# Форум на русском языке  > Новости  > Высокие технологии  >  DOOM на фотоаппарате

## HATTIFNATTOR

Это не фотошоп. И не PDA. Это нормальный цифровой фотоаппарат Kodak (модели DC 260, 265, 290).

Так как в этом фотоаппарате стоит достаточно неплохой процессор (по временам, когда Doom вообще создавался), то поиграть в него на фотоаппарате, в общем-то, особых усилий для него (процессора) не составляет. LCD есть, управление - есть, память - сколько угодно. Есть и другие игрушки. Объединяет такие забавы проект под названием MAME and MESS. Официальный сайт этих проектов -  MAMED!   На сайте не очень внятно растолковано, как и что и зачем должно использоваться в фотоаппарате, чтобы работать с загрузочным кодом для процессора.
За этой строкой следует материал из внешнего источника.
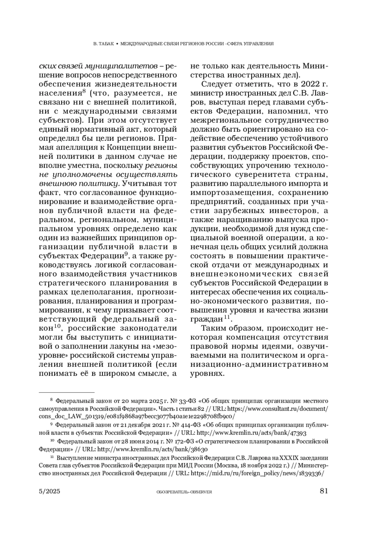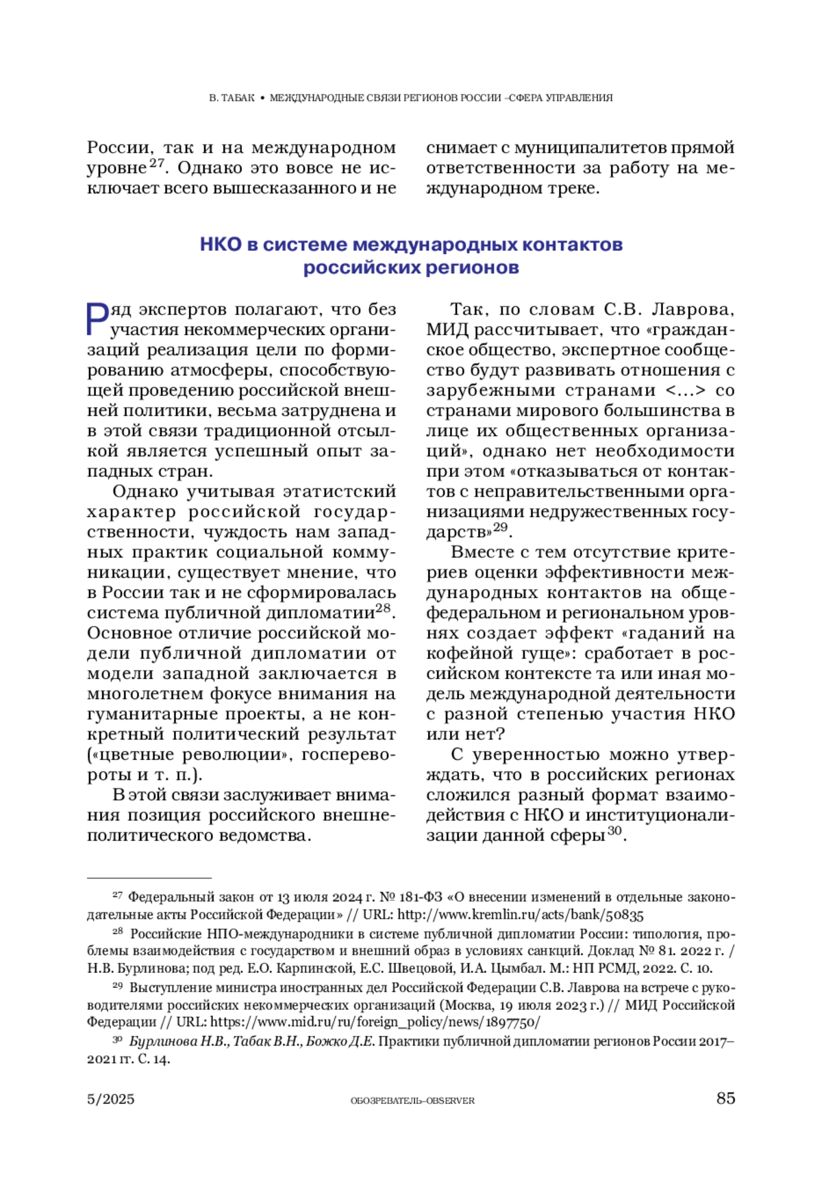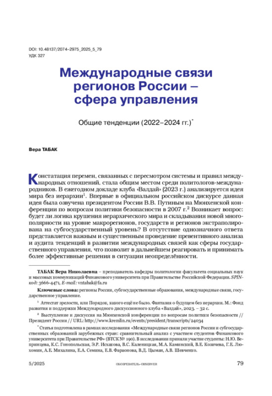 ТАБАК В. Н. МЕЖДУНАРОДНЫЕ СВЯЗИ РЕГИОНОВ РОССИИ – СФЕРА УПРАВЛЕНИЯ. ОБЩИЕ ТЕНДЕНЦИИ (2022–2024 ГГ.) // ОБОЗРЕВАТЕЛЬ. 2025. № 5
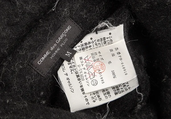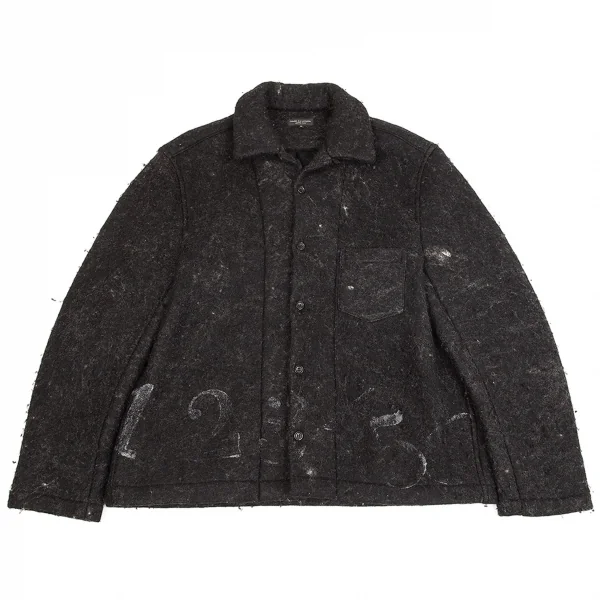コムデギャルソン オムプリュスCOMME des GARCONS HOMME PLUS ハンドフェルトナンバリングプリントジャケット 黒グレーM
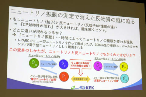実験の大枠はこうだ。まず、茨城県東海村のJ-PARCの加速器で人工ニュートリノビームを生成する。そのニュートリノを295km離れた岐阜県飛騨市神岡町の「ハイパーカミオカンデ検出器(超大型水チェレンコフ装置)」で観測する。その飛行過程では「ニュートリノ振動(時間によってニュートリノの種類が変化する現象)」が発生する。そのニュートリノ振動を詳細に観測することで、「消えた反物質」の謎に迫る。
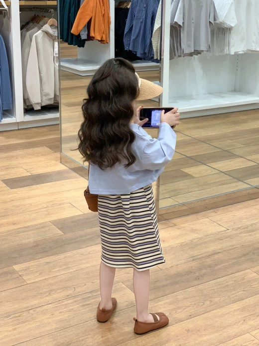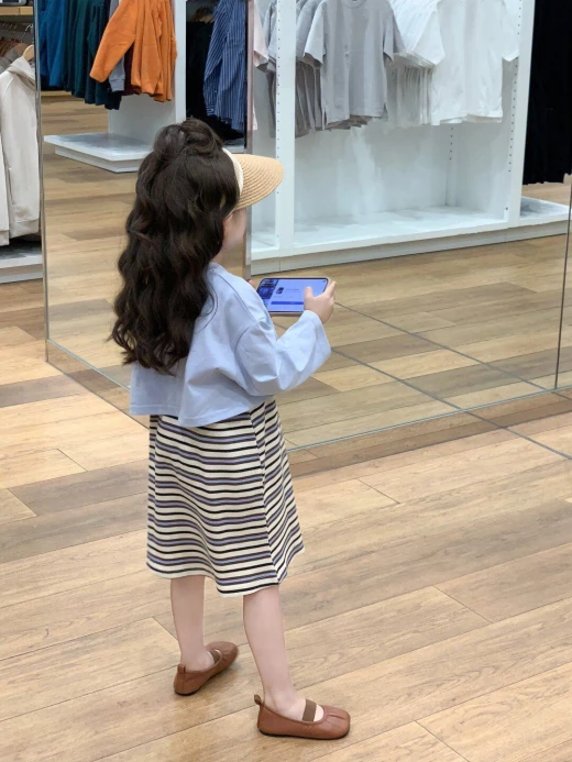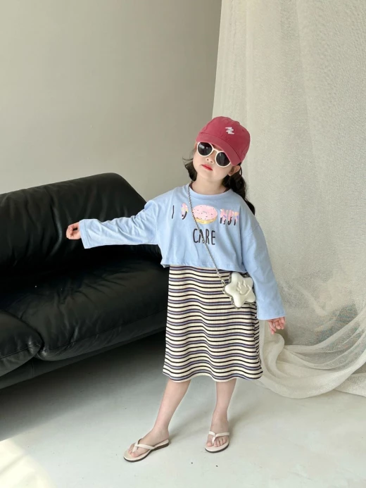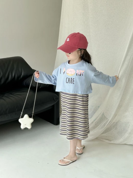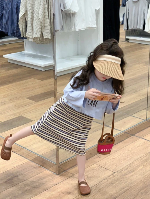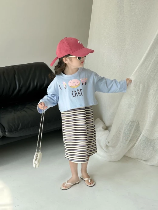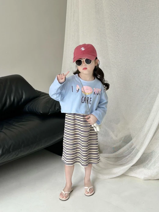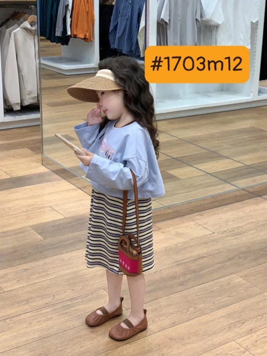 #1703m12 ÁO THUN DÀI TAY MIX VÁY SỌC NGANG BG Thời tiết se se lạnh mặc set này quá oke luôn ạ, siêu năng động, cá tính size 5-15 ( tương đương 90-140) ? giá áo: 122k váy: 133k ? chốt 17/3
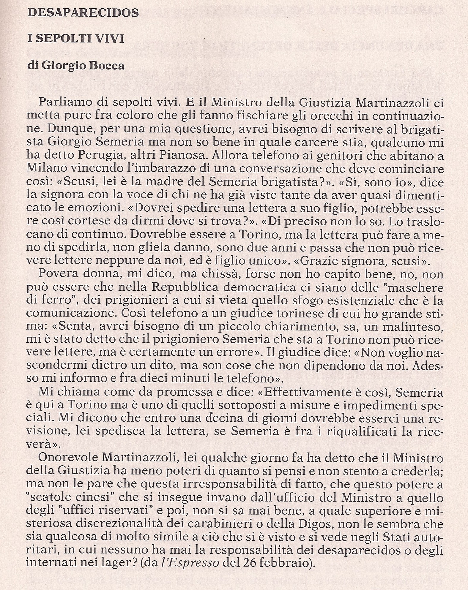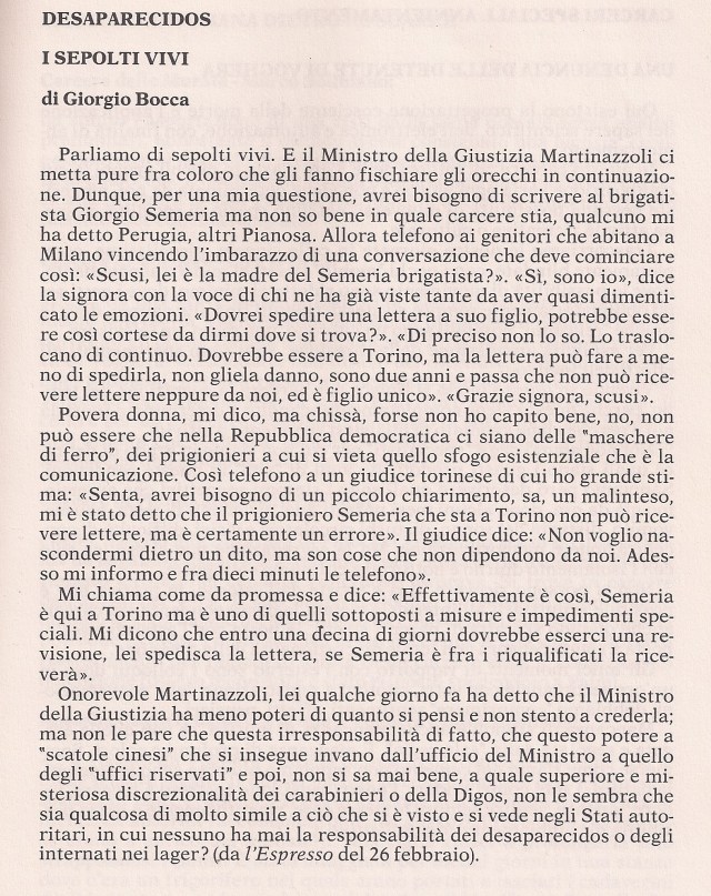 Anche il democratico Bocca si scandalizza…delle “carceri speciali”

Там же, в разделе Download есть бинарные архивы с играми (разумеется, переработанные под процессор фотоаппарата) для разных моделей - Kodak, HP, Pentax и Minolta. кроме игрушек, кстати, там же есть и бинарники для превращения фотика в mp3-плеер и др.

cooler-online.com

----------

Надоело быть жертвой? Стань профи по информационной безопасности, получай самую свежую информацию об угрозах и средствах защиты от ведущего российского аналитического центра Anti-Malware.ru:

----------


## CFH

Значит будут и вирусы для фотоаппаратов  :Cheesy:   :Cheesy:

----------